Analyzing the results in this work, it was possible to conclude that the average temperatures of the three thyroid points (p = 0.38, f = 1.01) and the two BAT points (p = 0.51, f = 0.76) for the surveyed groups were not different, with a Pearson’s correlation coefficient (r) equal to zero, signifying that thyroid metabolism variation and BAT temperature variation are independent of each other, independent of the patient´s diagnosis for HP and FM. A similar result was confirmed when applying the Pearson correlation coefficient between the data obtained from the thyroid gland and the BAT regions. The group composed by patients with HP and FM, showed r = 0, meaning also that the thyroid and BAT temperatures are not correlated.
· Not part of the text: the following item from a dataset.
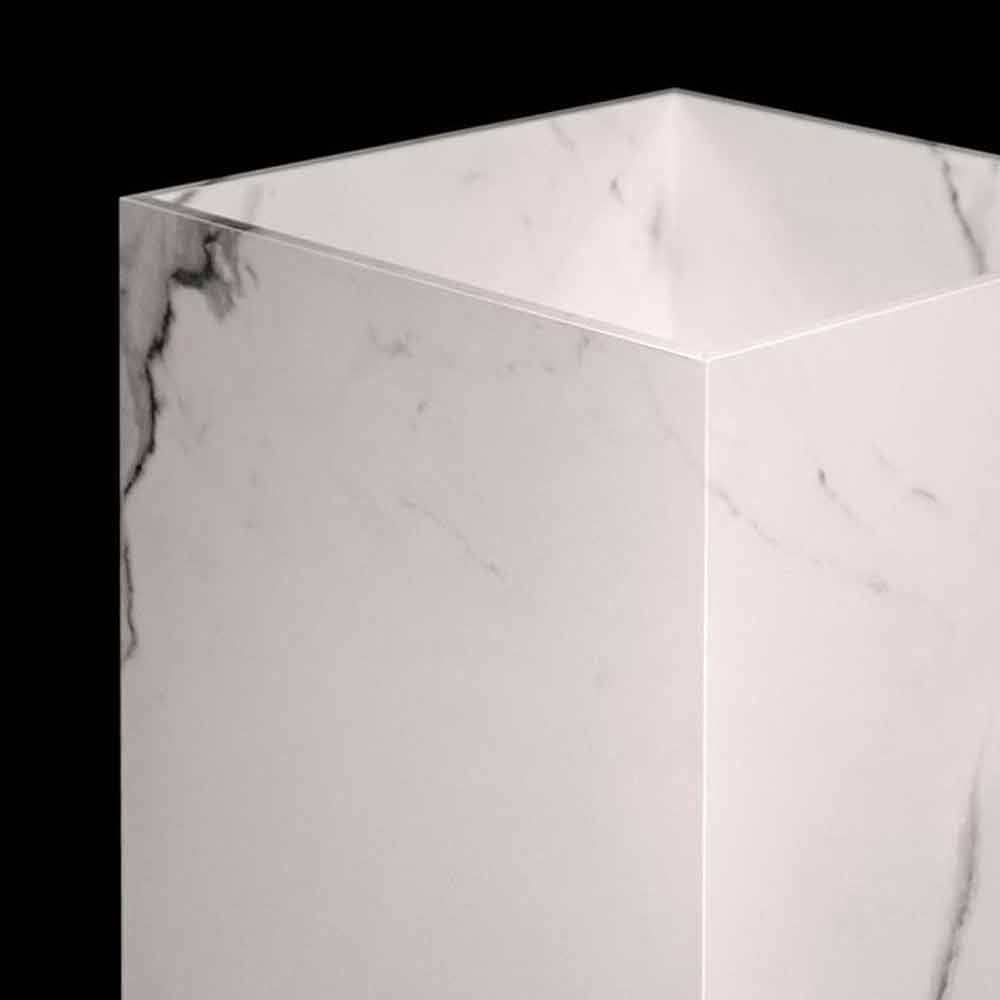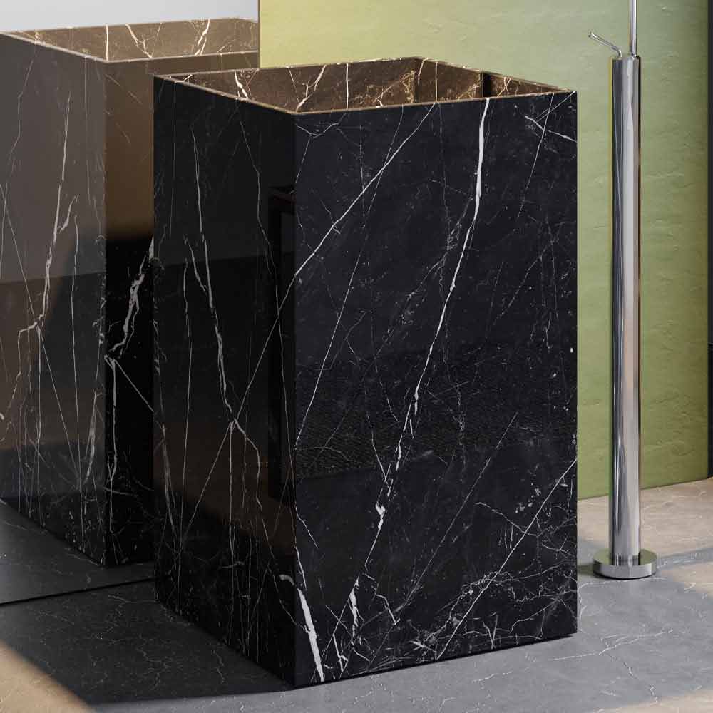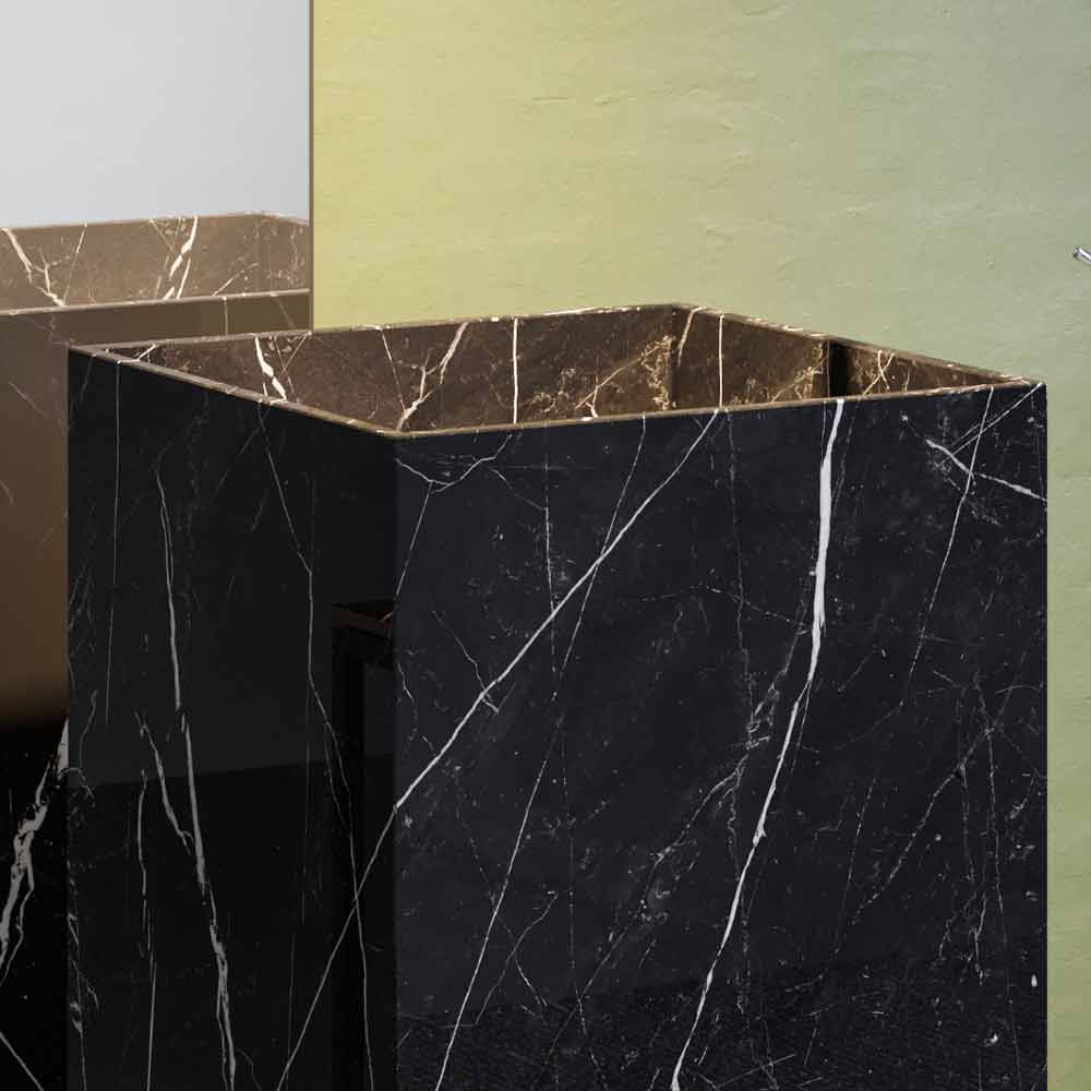 The monumental and timeless design of this pedestal washbasin made entirely of porcelain stoneware is able to become the protagonist of the bathroom area. The geometric and imposing parallelepiped shape creates sophisticated and luxurious atmospheres. It is equipped with a universal drain with ceramic up & down cap / free drain of 7.1 cm.

Therefore, a variation in the metabolic activity of the thyroid gland does not imply BAT activity.

As for the group composed of individuals with FM and without HP, the group for individuals with HP, and the control group (healthy subjects), it was found r = 1, meaning that the average temperatures of the thyroid and BAT are directly related, where a variation in the metabolic activity of the thyroid gland exhibits an interaction with the variation in the metabolic rate of BAT.

Thus, it was possible to conclude that this thermometry technique can be used for measuring the temperatures of the thyroid gland and BAT regions in order to evaluate their changes. This study has shown that that mean thyroid and BAT temperatures are similar and there was no correlation between thyroid temperature and the presence of hypothyroidism or fibromyalgia using thermometry.